The employee, Sara Willy, was employed by the employer, Northwest Airlines, as an airplane cleaner beginning in 1995. She suffered three work-related injuries to her left knee over the course of her employment, on April 22, 1997, December 1, 1998, and January 24, 1999. Subsequent to these injuries, the employee underwent extensive medical care, including eight surgical procedures and intensive mental health treatment. While all three injuries were admitted, claims for various benefits resulted in protracted litigation.[1]
At issue in Ms. Willy’s current appeal before this court is whether she suffers from CRPS/RSD and the compensability of treatment recommended by her treating physician. With respect as to how this claim has developed procedurally, in Findings and Order dated July 25, 2003, it was determined that the employee had CRPS/RSD of the left leg. In Findings and Order dated February 23, 2010, it was determined that the employee no longer had CRPS/RSD. This later determination was not appealed.[2]
Following the 2010 hearing, the employee continued to seek medical treatment, primarily with an orthopedic specialist, Dr. Corey Welchlin, and a pain specialist, Dr. Matthew Monsein. In 2012, Ms. Willy treated for continued symptoms in the area of the peroneal nerve of the left leg. An updated EMG did not show compression of the peroneal nerve. On July 27, 2012, Dr. Welchlin diagnosed peroneal nerve irritability secondary to RSD. He recommended that the employee undergo what would be her eighth surgical procedure after a recent cortisone injection did not reduce Ms. Willy’s left knee pain.
On August 7, 2012, Ms. Willy underwent an arthroscopic partial medial meniscectomy and chondroplasty to the femoral condyle. This surgery was followed by a physical therapy regimen. In the months that followed, the employee reported continued discomfort and even worsening pain in the left knee.
In November 2013, Ms. Willy began treating with Dr. Todd Hess of United Pain Center upon referral from Dr. Monsein. In his initial consultation note, Dr. Hess outlined the employee’s reported history of work injuries and treatment to the left leg, as well as an incident in which she noticed symptoms of CRPS/RSD in her right upper extremity and a crossover of symptoms to the right lower extremity. She further reported that both lower extremities were shiny, alternated between hot and cold, were purplish and red in color, with nail changes, allodynia and decreased range of motion, and that her right upper extremity was discolored, swollen, and would change in temperature. Upon visual observation and temperature measurement of Ms. Willy’s extremities, Dr.

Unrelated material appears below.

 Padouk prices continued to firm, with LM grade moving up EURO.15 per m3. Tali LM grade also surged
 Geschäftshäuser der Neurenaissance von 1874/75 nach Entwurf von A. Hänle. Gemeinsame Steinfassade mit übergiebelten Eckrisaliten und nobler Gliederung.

Hess assessed stage 3 CRPS/RSD. He recommended pool therapy to encourage range of motion, ordered injection therapy, and adjusted her medications.
At the recommendation of Dr. Hess, Ms. Willy underwent lumbar sympathetic blocks in July and August 2014. She reported that the first injections were helpful, but the second were not. While Ms. Willy testified at hearing that the injections were helpful, the September 2014 records reflect that at the time, she was reporting that her pain had exacerbated and that even morphine was not working. In late 2014, she complained of CRPS/RSD symptoms in her left upper extremity, as well.

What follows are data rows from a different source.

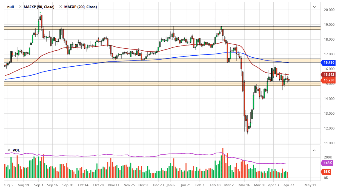 Los mercados de la Plata han hecho extraordinariamente poco en las últimas sesiones de trading ya que el mercado baila alrededor del nivel de US$ 15.20. El nivel de apoyo más obvio es el nivel de $15.00, un área que por supuesto es una figura grande, redonda y psicológicamente significativa. Mientras que los metales preciosos se han comportado razonablemente bien en comparación con otros activos, la Plata juega un papel secundario en el mercado del Oro, por decir lo menos.
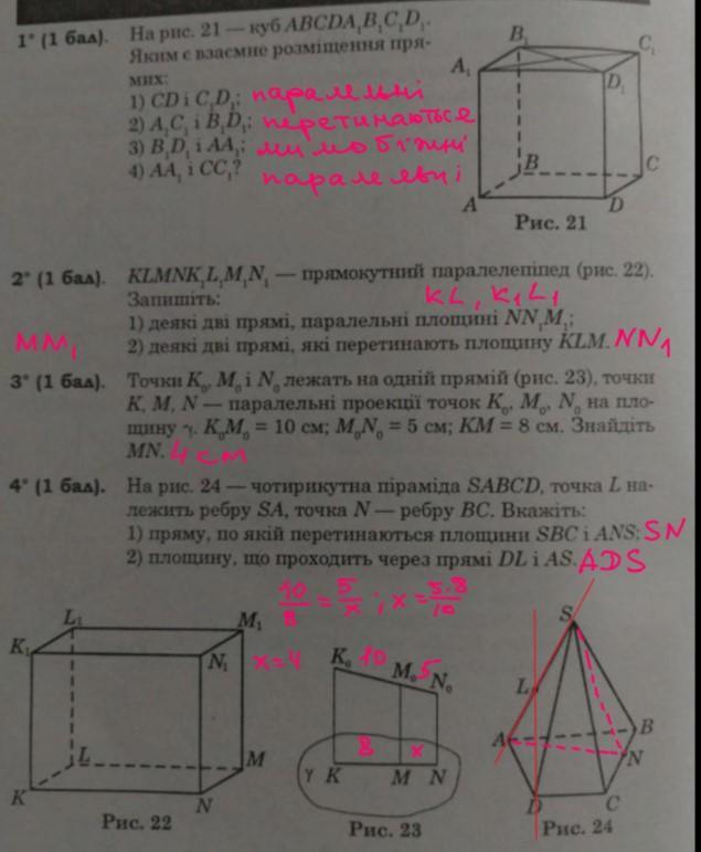 1)паралельні 2) перетинаються 3) перетинаються 4)паралельні
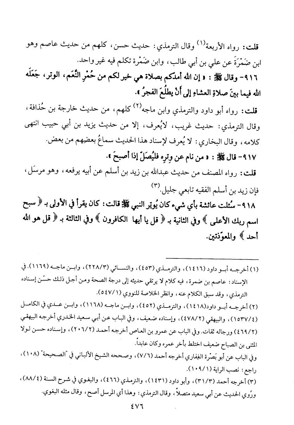 (¬1) أخرجه أبو داود (1416)، والترمذي (453)، والنسائي (3/ 228)، وابن ماجه (1169). في الإسناد: عاصم بن ضمرة، فيه كلام لا يرتقي حديثه إلى درجة الصحة ومن أجل ذلك حسّن إسناده الترمذي، وقد سبق الكلام عنه، وانظر الخلاصة للنووي (1/ 547).

Ms. Willy returned to see Dr. Hess in May 2015 with complaints of increased pain. Dr. Hess recommended ongoing medications, occupational and physical therapy, pool therapy, stress management, and psychologic support for severe right upper extremity and severe bilateral lower extremity CRPS/RSD. He later also recommended Calmare treatment and a mobility assessment. By November 2015, Ms. Willy was also reporting symptoms of CRPS/RSD in her face.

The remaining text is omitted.